Watch so much TV that your eyes get square. Make it the central object in your home. Use the TV as a baby-sitter. Place at least one in each child’s bedroom at an early age. Wouldn’t want him or her reading books.
Buy everything on credit, and lunge at anything that says, “No payments until March.”
Gossip habitually. Have roast preacher for lunch each Sunday. Stew your boss. Chew on your mother-in-law. Talk about other people’s problems, but don’t admit to any of your own. And whatever you do, don’t pray for others.
Value your children for what they do, not who they are. Compare your children to their siblings. Comment often on their looks. Fixate on the negative. See all that’s wrong with your children and nothing that’s right.
Show them they are less important than your work, your car, and your golf game. Show them that sports are more important than church attendance.
Avoid reading the Bible and praying together. Turn them loose without a road map, road signs, guardrails, or a center line, and supply them with bald tires and faulty brakes, then be surprised when they crash.
When tough times come, run.
Our teens need to know that we were teenagers once, even if it was back before the invention of electricity.
Teenagers aren’t too old to hear how wonderful they are or how much they are loved. There are enough voices out there telling them they aren’t cool enough, thin enough, tall enough, or rich enough. So affirm them every chance you get.
My teenagers have doubted my sanity at times, but never my love for them. They know there is no hour of the day or night during which they are forbidden to flop on my bed and tell me their problems. I may keep right on sleeping, but at least they can talk. Sure, there are times I’d rather lecture than listen. I’d rather watch The Amazing Race than take them out for a greasy basket of fries. But in this kick-you-while-you’re-down world, our teens are starving for a pat on the back, a listening ear, and to hear those three magic words: “Hey, waytago! Youdabest!”
I once asked Bill Hybels, teaching pastor of the fifteen-thousand-member Willow Creek Church in suburban Chicago, what he would like his children to say about him when he’s gone. He replied, “That I was their biggest cheerleader.”
When I leave on a trip without my kids, I sometimes leave them notes pasted to their mirrors or placed atop their pillows. I always sign them with, Your Biggest Fan—Dad. They do not greet me at the airport with a hug and a kiss anymore, but I have yet to hear a complaint about one of those notes. In fact, I often find them propped up beside their beds.

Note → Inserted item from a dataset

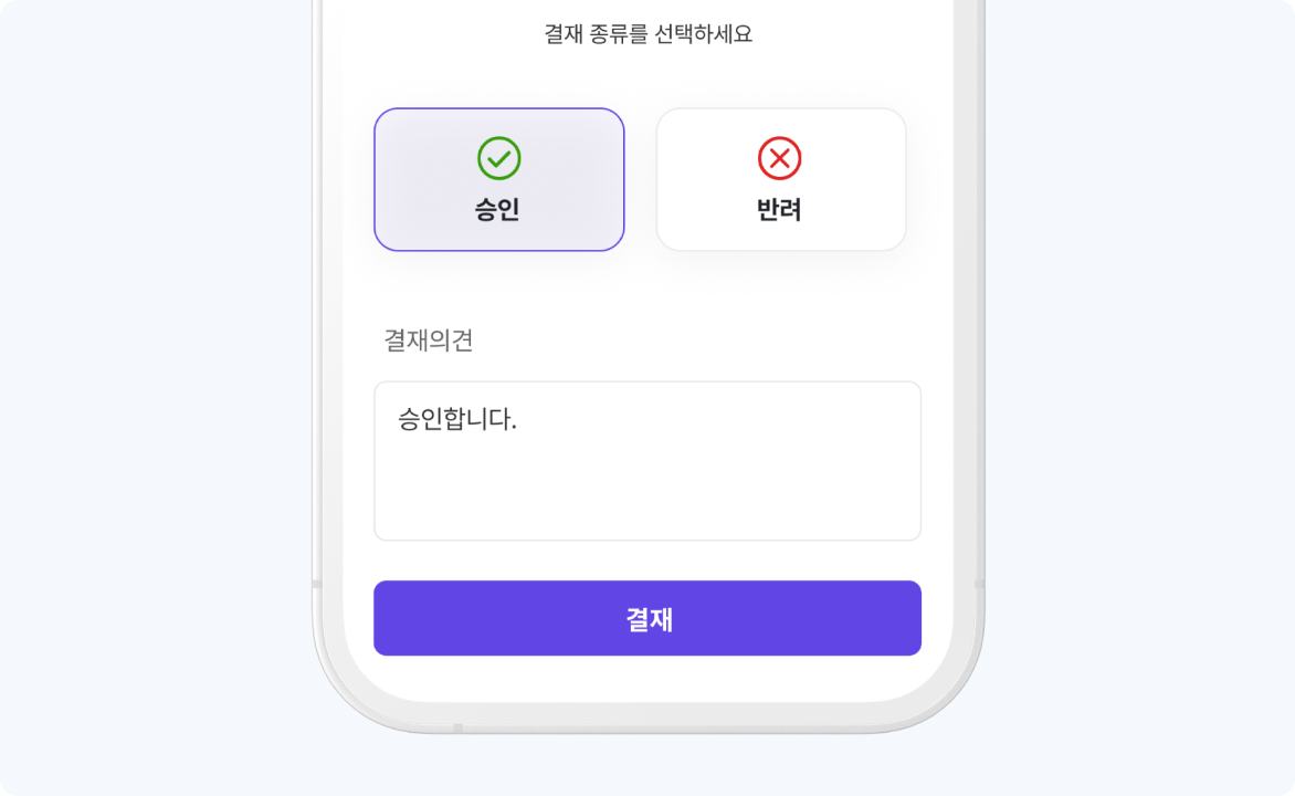 모든 전표 유형에 대해 조직도 기반 결재 라인을 자동 구성하고, 승인자별 결재 이력과 코멘트를 기록하며 전표와 함께 보관됩니다.

Sprinkled throughout the diaries of atheist Madalyn Murray O’Hair were these words: “Please, somebody, somewhere, love me.”8 We are never too old to be told how much we are loved.
Do whatever it takes to keep the lines of communication open. We Callaways are not an extravagant bunch, but through the years we’ve invested in season passes at the golf course and dropped almost everything at the possibility of a family vacation. After our family returned from traveling across an ocean (thanks to Ol’ Uncle Air Miles), someone squinted oddly at me and asked, “You took your kids?” You bet we did. I have yet to meet someone in a nursing home who ever regretted such an investment. Besides, our children talk often of continuing this tradition after they have families of their own. They’re in…if I pay.
Those who are wise enough to allow their teens room to breathe, who listen more than lecture, and who remain calm when screaming seems like the better option will find that the teenage years are invigorating, adventuresome, and even—particularly when you least expect it—rewarding.
And for those who are afraid of seeing the teenage years come to an end, don’t worry. There isn’t a teenager I know who hasn’t gone out into the brave new world without eventually returning home starved. And carrying a bundle of dirty laundry.